L’ancienne ministre de la Justice, Christiane Taubira, s’est à son tour jetée hier dans le bain de la présidentielle française, avec l’objectif ambitieux mais quasi-impossible de rassembler un camp de la gauche fragmenté et déjà surchargé de candidats.
Après plusieurs semaines de faux suspense, Mme Taubira a annoncé sa candidature, déclarant vouloir répondre «aux colères» face aux «injustices sociales» et avoir l’intention de convoquer une «conférence sur les salaires» avec un programme qui repose sur la défense de la jeunesse, la justice sociale ou encore l’écologie.
«La pandémie a révélé une souffrance sociale qui a frappé toutes les générations», a-t-elle déclaré lors d’un rassemblement militant pour l’union de la gauche, dans le quartier de la Croix-Rousse à Lyon (centre), choix symbolique en clin d’oeil aux Canuts, les anciens ouvriers de ce quartier de la soie. «Je veux un gouvernement qui sache dialoguer au lieu de moraliser et de caporaliser», a-t-elle ajouté, en allusion à la polémique sur les propos du président Emmanuel Macron qui a dit vouloir «emmerder les non-vaccinés» contre la Covid-19.
A moins de trois mois du premier tour, la gauche compte donc désormais six principaux candidats : outre Mme Taubira, le dirigeant radical Jean-Luc Mélenchon, l’écologiste Yannick Jadot, le communiste Fabien Roussel, l’ancien ministre Arnaud Montebourg, toutefois proche d’abandonner, et la maire de Paris socialiste Anne Hidalgo.
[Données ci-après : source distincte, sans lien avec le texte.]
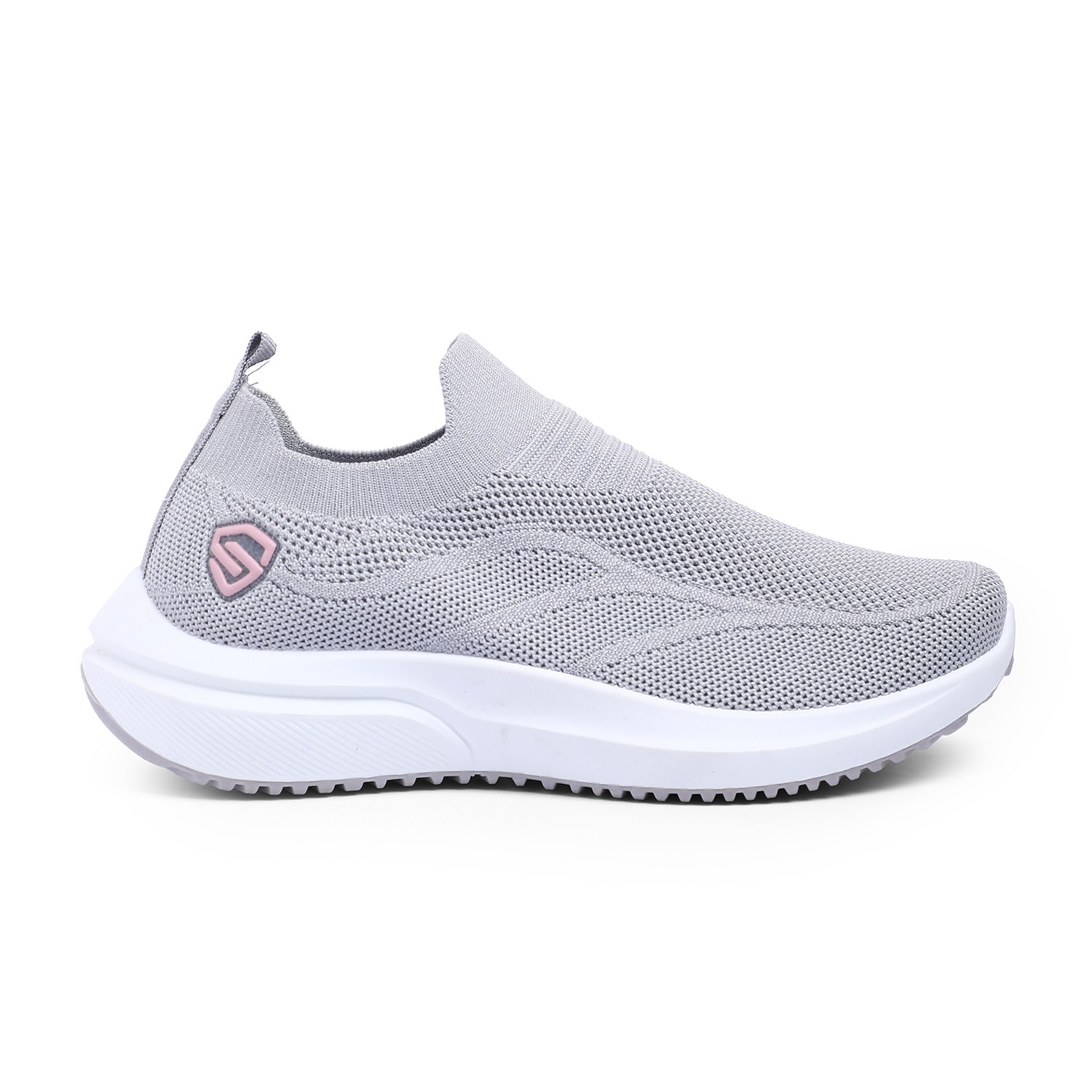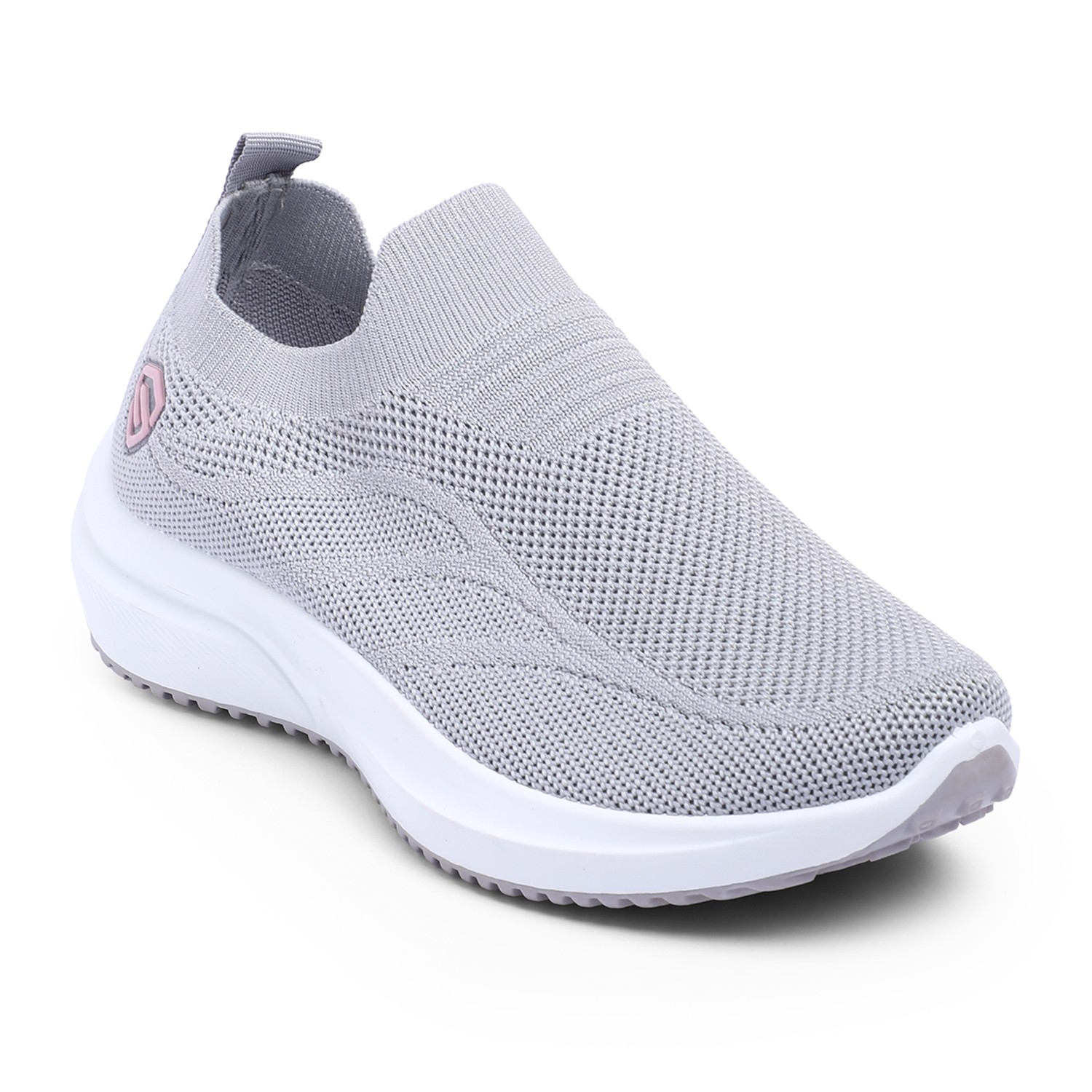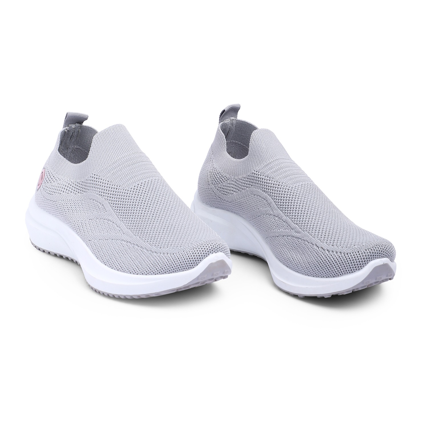 Discover effortless style and comfort with our Chic Grey Leisure Slip-Ons. These women's slip-on sneakers feature a breathable knit upper in a versatile light grey, offering a sleek and flexible fit. A subtle pink circular accent with a white logo on the side adds a touch of modern charm. Designed for ultimate ease, they boast a comfortable white sole with a textured bottom for reliable grip. Perfect for relaxed outings, light activities, or adding a minimalist yet chic touch to your everyday wardrobe

Aucun pour l’instant ne dépasse la barre des 10% dans les sondages.
Emmanuel Macron, pas encore officiellement déclaré, est toujours donné gagnant au premier tour devant la candidate d’extrême droite Marine Le Pen talonnée par la candidate de droite Valérie Pécresse.
Dernière à entrer dans l’arène, Christiane Taubira avait annoncé fin décembre qu’elle envisageait d’être candidate «face à l’impasse» d’une gauche plus que jamais divisée, assurant qu’elle ne serait «pas une candidate de plus» et mettrait «toutes ses forces dans les dernières chances de l’union».
L’ancienne députée de Guyane, région française d’outre-mer où elle est née il y a 69 ans, s’est illustrée pour l’électorat de gauche par son combat pour la loi reconnaissant la traite et l’esclavage comme un crime contre l’humanité et surtout pour avoir porté, en tant que ministre, la loi ouvrant le mariage et l’adoption aux couples homosexuels, adoptée en 2013.
Candidate à la présidentielle en 2002, elle n’avait recueilli que 2,32% des suffrages. Bien qu’elle n’ait pas enregistré pour l’instant de percée dans les sondages (4,5% dans un sondage début janvier), son entourage assure qu’elle suscite toujours «la ferveur» au sein d’un électorat de gauche déboussolé depuis la victoire d’Emmanuel Macron en 2017 et le délitement des partis politiques traditionnels.
«Christiane Taubira veut être l’antidote à la lassitude de l’électorat de gauche qui n’en peut plus de la dispersion», affirme Christian Paul, maire de Lormes (centre), qui fait campagne à ses côtés. Mais la situation reste extrêmement confuse. Mme Taubira compte sur une «investiture» citoyenne portée par un collectif organisant une primaire à gauche du 27 au 30 janvier... à laquelle les autres candidats de gauche ont refusé de participer.